5

I have to do a topic modeling based on pieces of texts containing emojis with R. Using the replace_emoji() and replace_emoticon functions let me analyze them, but there is a problem with the results.

A red heart emoji is translated as "red heart ufef". These words are then treated separately during the analysis and compromise the results.

Terms like "heart" can have a very different meaning as can be seen with "red heart ufef" and "broken heart" The function replace_emoji_identifier() doesn't help either, as the identifiers make an analysis hard.

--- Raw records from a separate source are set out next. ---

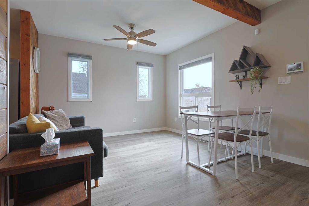 Opportunity knocks here in this beautifully updated character home in Heritage Okotoks, nestled on this quiet crescent on this huge 50x150ft lot within walking distance to schools & Okotoks Old Towne Plaza retail district. This charming 1940s bungalow has new brand vinyl plank floors, 3 bedrooms & full bathroom, stainless steel appliances, 2 decks & a host of improvements including hot water tank, fence, electrical & plumbing. Bathed in natural light, you’ll love the open feel of the main floor with its sunny South-facing living room & eat-in kitchen with pantry & stainless steel appliances which includes a GE gas stove & new Whirlpool fridge (2025). Main floor has 3 bedrooms highlighted by the primary bedroom with big walk-in closet & feature wall with reclaimed wood paneling. The updated full bathroom has granite-topped double vanities & shower/tub combo. The lower level is finished with a rec room/home office, workshop/utility room & laundry with newer Maytag Maxima washer & dryer (@ 4years old). The enclosed front porch is a wonderful welcoming space to sit & relax, & the backyard is a huge open space with 1 of 2 decks, 2 storage sheds, firepit & new fence (2022)…perfect for the kids to play in or for you to enjoy the great outdoors. Improvements include hot water tank (2023), electrical (with panel upgraded to 100amp), plumbing, insulation, drywall, windows, insulated interior walls & spray foam insulations in the crawlspace area. Within minutes from your front door is historic downtown Okotoks…with its services & restaurants, trendy shops & cafes. And with the quick access to Highway 2A/Northridge Drive means you have an easy commute to Calgary, High River & beyond!
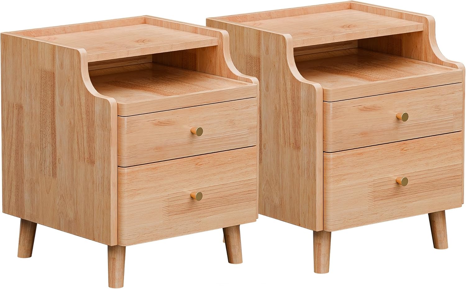 • Solid Wood Nightstand:Crafted from high-quality natural rubber wood and paired with splayed thick tapered wooden legs, this minimalist nightstand offers a stable, sturdy structure and excellent load-bearing capacity. Designed for long-lasting use, it’s built to endure for years to come.
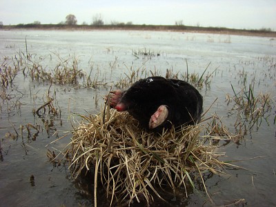 Половодье в пойме реки. Застигнутый врасплох крот замерз на островке.
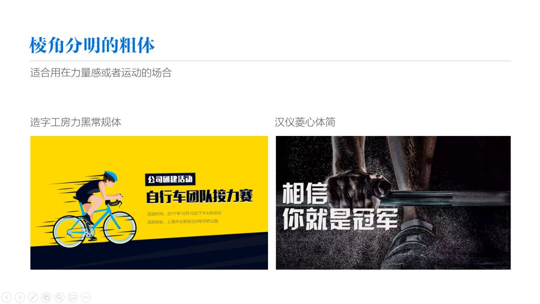第一种是棱角分明的粗体,就像咱们刚刚谈到的造字工房力黑常规体,这种字体比较有力量感的,就可以使用表示有力量感或者运动这样的场合。
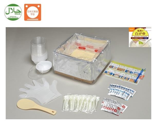 | セット内容 | アルファ米50食分、弁当容器×50、スプーン×50、しゃもじ×1、開封用カッター×1、衛生手袋×1、針金入りビニール紐×3、作り方説明書×1、梅しそ×50、食塩×50 |
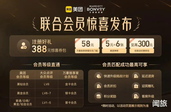 今年五月,美团和万豪国际牵手,黑钻会员绑定即送万豪金卡。
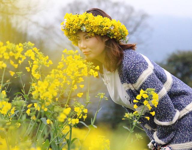 穿过廊桥能看到一大片油菜花田,只是只能远观禁止入内。
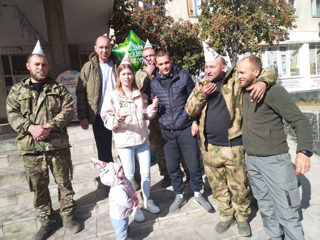 Группа людей возле нашего офиса с воздушными шарами, звонкими дудками и красиво упакованным подарком поздравляла бойца. Мужчина был явно смущен, но рад происходящему. Подарок вручали две активные девушки – Ева Шойгу и Елизавета Кузнецова из московского города Чехов. Свою дружную команду они называют «Чеховские птички». Девушки готовили к отправке очередной груз гуманитарной помощи для военных. Познакомившись с ними, я узнала, что в гостинице они останавливаются перед дальней и опасной дорогой к линии фронта, и успела задать несколько вопросов до того, как они отправились дальше.
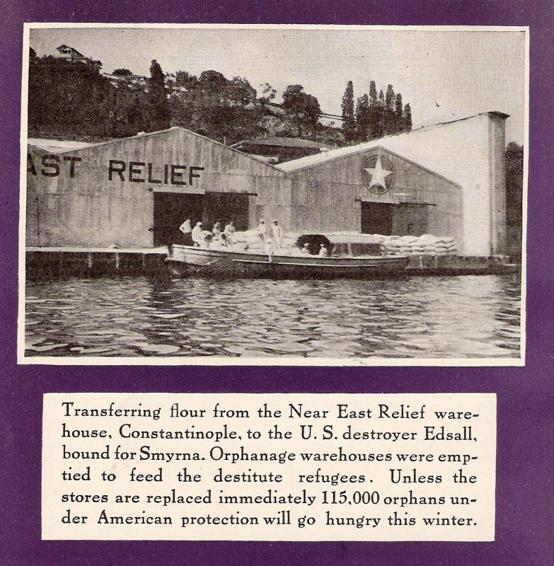 Near East Relief sent its first food shipment on the Mercurius on January 16, 1919. The ship contained 2,000 pounds of flour, 2,500 cases of canned food, and 500 cases of condensed milk. The Pensacola and the Western Belle quickly followed with a combined $3,500,000 worth of food and supplies. The U.S.S. Datchet (left) carried 4,500 tons of flour, rice, and beans in 1920.
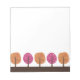 Diseños de Lisa Marie Robinson. Bloque de Bloc de notas con un diseño estacional de otoño/otoño. Cada página cuenta con una hilera de árboles kitsch en tonos rosa y naranja otoñales que dejan mucho espacio para escribir sus notas. Copyright © 2010 Lisa Marie Robinson Todos los derechos reservados. Es ilegal usar o duplicar esto, o cualquiera de nuestras imágenes, sin permiso escrito.
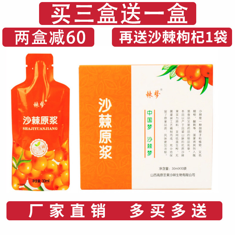 沙棘原浆果汁内蒙鲜榨vc沙棘汁果油籽油不加糖0添加官方正品原汁
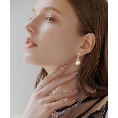 上品な艶めきを放つ一粒パールが揺れる、クラシカルでモダンなピアス
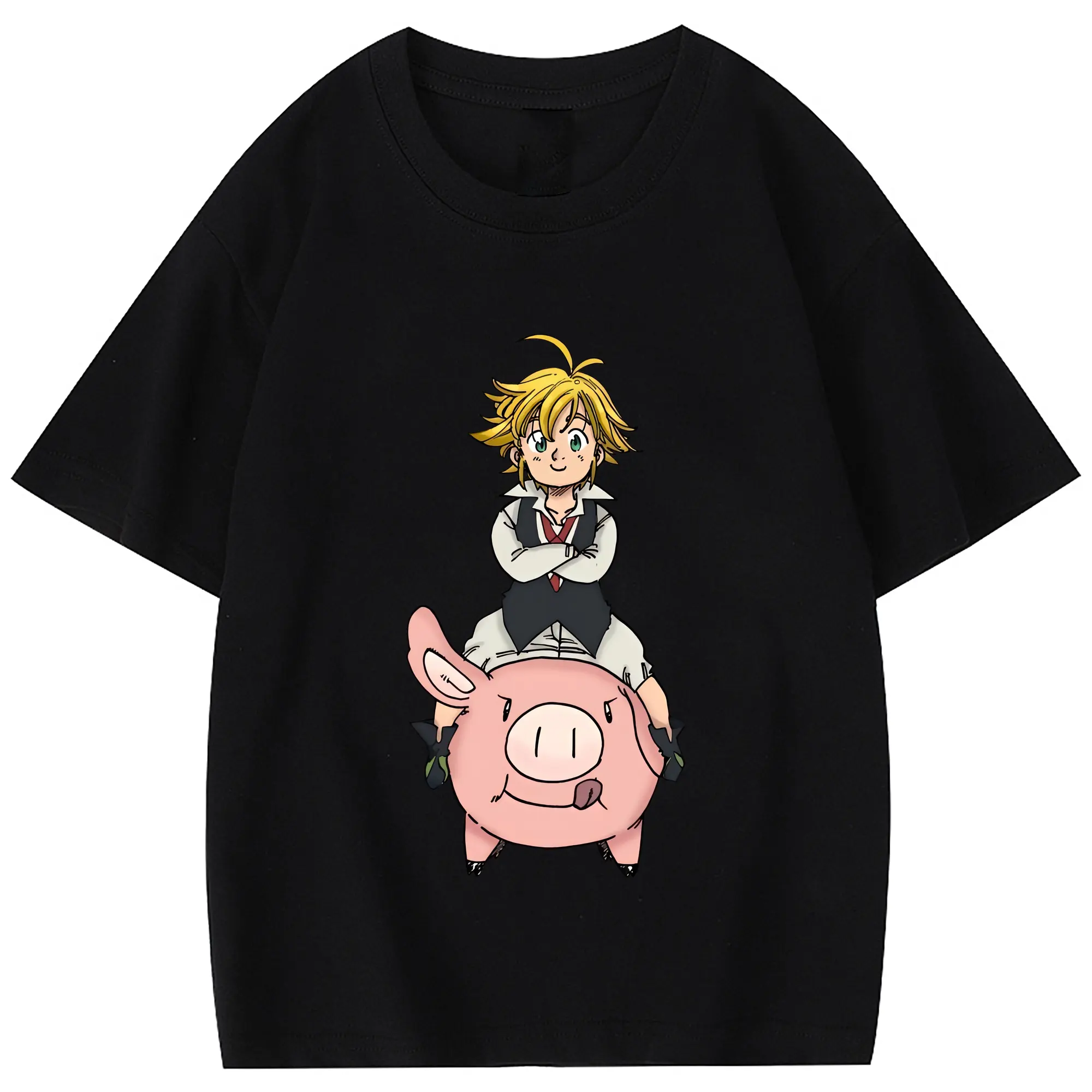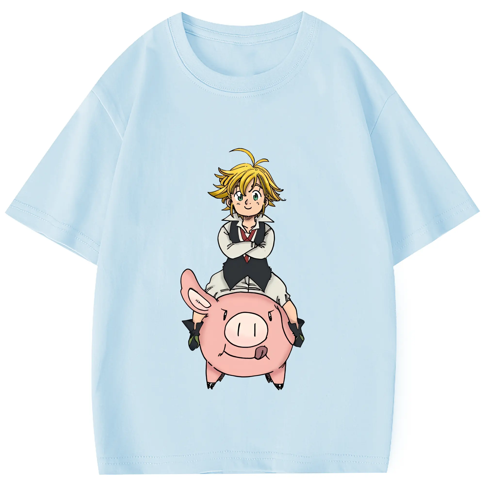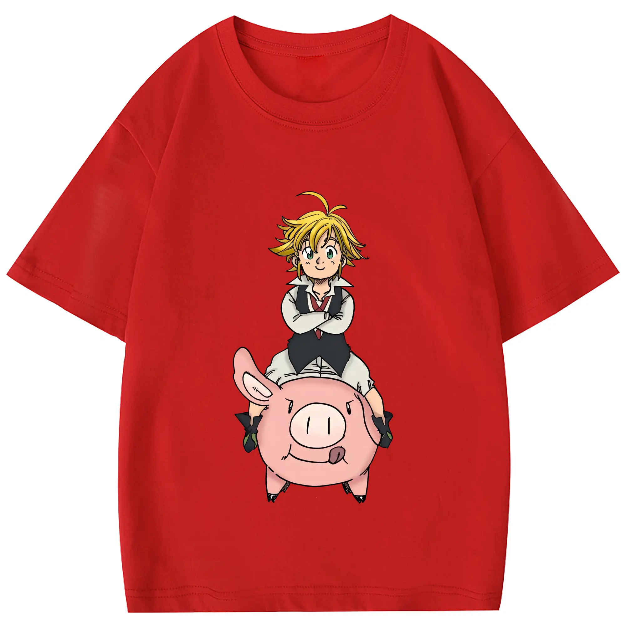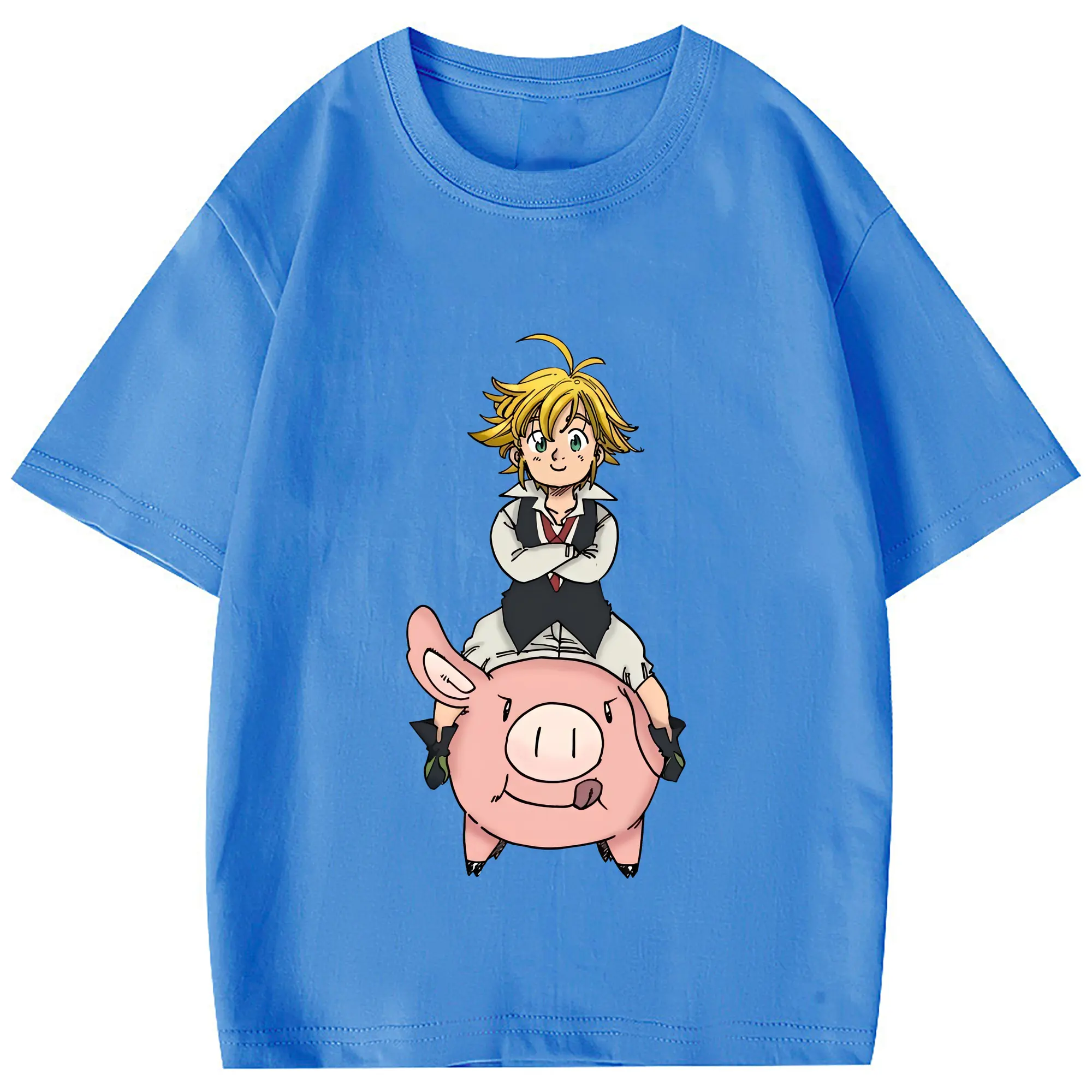 七つの大罪 グッズ メリオダス - 綿100% 半袖Tシャツ ・ フロントプリント ・ 快適 通気性 ・ 日常使い 散歩 スポーツ用

Dummy data set reproducible with by using dput() (including the step force to lowercase:

Emoji_struct <- c(
      list(content = " wow", " look at that", "this makes me angry", "❤\ufe0f, i love it!"),  
      list(content = "", " thanks for helping",  " oh no, why? ", "careful, challenging ❌❌❌")
)

Current coding (data_orig is a list of several files):

library(textclean)
#The rest should be standard r packages for pre-processing

#pre-processing:
data <- gsub("'", "", data) 
data <- replace_contraction(data)
data <- replace_emoji(data) # replace emoji with words
data <- replace_emoticon(data) # replace emoticon with words
data <- replace_hash(data, replacement = "")
data <- replace_word_elongation(data)
data <- gsub("[[:punct:]]", " ", data)  #replace punctuation with space
data <- gsub("[[:cntrl:]]", " ", data) 
data <- gsub("[[:digit:]]", "", data)  #remove digits
data <- gsub("^[[:space:]]+", "", data) #remove whitespace at beginning of documents
data <- gsub("[[:space:]]+$", "", data) #remove whitespace at end of documents
data <- stripWhitespace(data)

Desired output:

[1] list(content = c("fire fire wow", 
                     "facewithopenmouth look at that", 
                     "facewithsteamfromnose this makes me angry facewithsteamfromnose", 
                     "smilingfacewithhearteyes redheart \ufe0f, i love it!"), 
         content = c("smilingfacewithhearteyes smilingfacewithhearteyes", 
                     "smilingfacewithsmilingeyes thanks for helping", 
                     "cryingface oh no, why? cryingface", 
                     "careful, challenging crossmark crossmark crossmark"))

Any ideas? Lower cases would work, too. Best regards. Stay safe. Stay healthy.

slamballais
  • 3,161
  • 3
  • 18
  • 29
TR_IBK21
  • 67
  • 4

1 Answers1

2

Answer

Replace the default conversion table in replace_emoji with a version where the spaces/punctuation is removed:

hash2 <- lexicon::hash_emojis
hash2$y <- gsub("[[:space:]]|[[:punct:]]", "", hash2$y)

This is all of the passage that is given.